Непроверенный источник прибежал полтора часа назад, отчаянно крутя хвостом желтого, штопанного-перештопанного платья, унаследованного от пропавшей сестры. Вертелся, охал и ахал, рассказывая, как «Белта господина учителя за руку — хвать! А оттуда кровь как ливанет, ой-ой!».
Господин учитель, конечно, жаловаться не пошел — стоик. А разбираться надо все равно. И Белта в расстроенных чувствах, похоже, исчез со двора. Будет ему, голубчику, еще и за отлучку...
Появился он, когда совсем уже стемнело и я, кляня все на свете, собирался идти его искать — мало ли, близко лес, речка и деревня, куда эта группа голодного сопротивления недавно наведалась, — там с ребятами давнишние счеты...
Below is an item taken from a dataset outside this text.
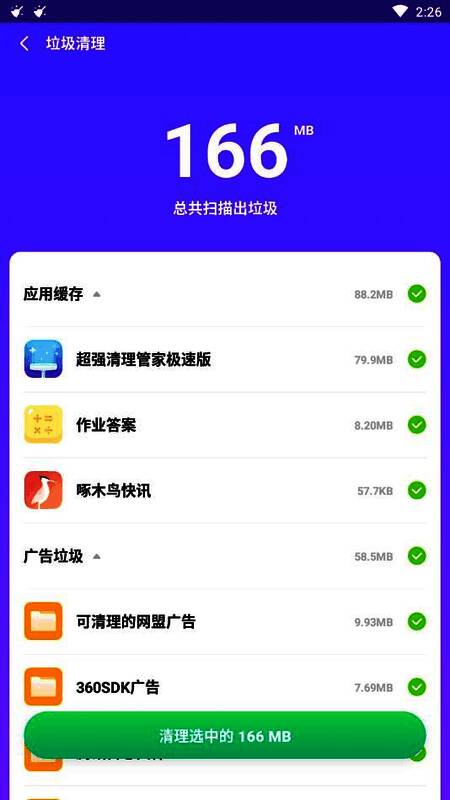 该软件内置多维度的扫描机制,可精准识别并清除缓存文件、临时数据以及无用安装包,帮助用户快速腾出宝贵的手机存储空间。同时支持深度扫描功能,能够追踪隐藏在系统深处的冗余文件,确保清理彻底不留死角。

Появился. Сам по себе забрел в кабинет, встал по стойке смирно, свесив голову. За окнами давно легла темнота, Лина погасила у себя окна, и птицы видели десятый сон.
— Извините, —
— За что же, позволь узнать?
Вот к этому парнишке княжеский титул вообще не лепится. От предков только и осталось, что темные волосы. Курносый, глаза непонятного цвета, лицо простоватое. Адам Белта, десять лет, отец повешен за преступление против цесаря...
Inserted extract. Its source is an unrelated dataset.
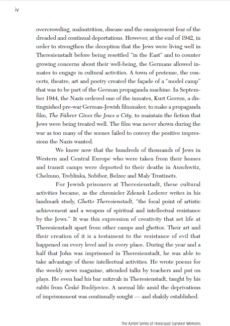 For Jewish prisoners at Theresienstadt, these cultural activities became, as the chronicler Zdenek Lederer writes in his landmark study, Ghetto Theresienstadt, “the focal point of artistic achievement and a weapon of spiritual and intellectual resistance by the Jews.” It was this expression of creativity that set life at Theresienstadt apart from other camps and ghettos. Their art and their creation of it is a testament to the resistance of evil that happened on every level and in every place. During the year and a half that John was imprisoned in Theresienstadt, he was able to take advantage of these intellectual activities. He wrote poems for the weekly news magazine, attended talks by teachers and put on plays. He even had his bar mitzvah in Theresienstadt, taught by his rabbi from Cˇ eské Budeˇjovice. A normal life amid the deprivations of imprisonment was continually sought — and shakily established.

— Что ушел. И что господина учителя за руку того. Вы ребят допрашивали, а зачем? Я сам скажу. Я его укусил... нечаянно.
— Как это нечаянно?
— А чего он...
— Чего он чего? — Иногда я сам поражаюсь собственному терпению.
— Отобрать хотел...
— Что отобрать?
Интересно, в самом деле, — что у них отбирать. Крысы здешние и те богаче, у них хоть запас крошек есть.
— Ну... это... Я спрятал уже. Я для того ходил, чтоб спрятать...
И гордится, санкта симплицитас... И для полного аристократического впечатления рукавом под носом протирает.
— Сядь, — говорю. — Возьми уж салфетку. И рот вытер бы, перемазан до сих пор...
Мальчишка еще и бледный, под глазами круги. Вечно белолицый, оттого и освобожден от сдачи крови на армейские нужды. И красное на губах засохло — очень надеюсь, что никто из крестьян с ним в сумерках не повстречался.
— Получается, воспитанник Белта, что у тебя было что-то запрещенное. И ты мало того что не отдал это учителю, так еще и набросился на него...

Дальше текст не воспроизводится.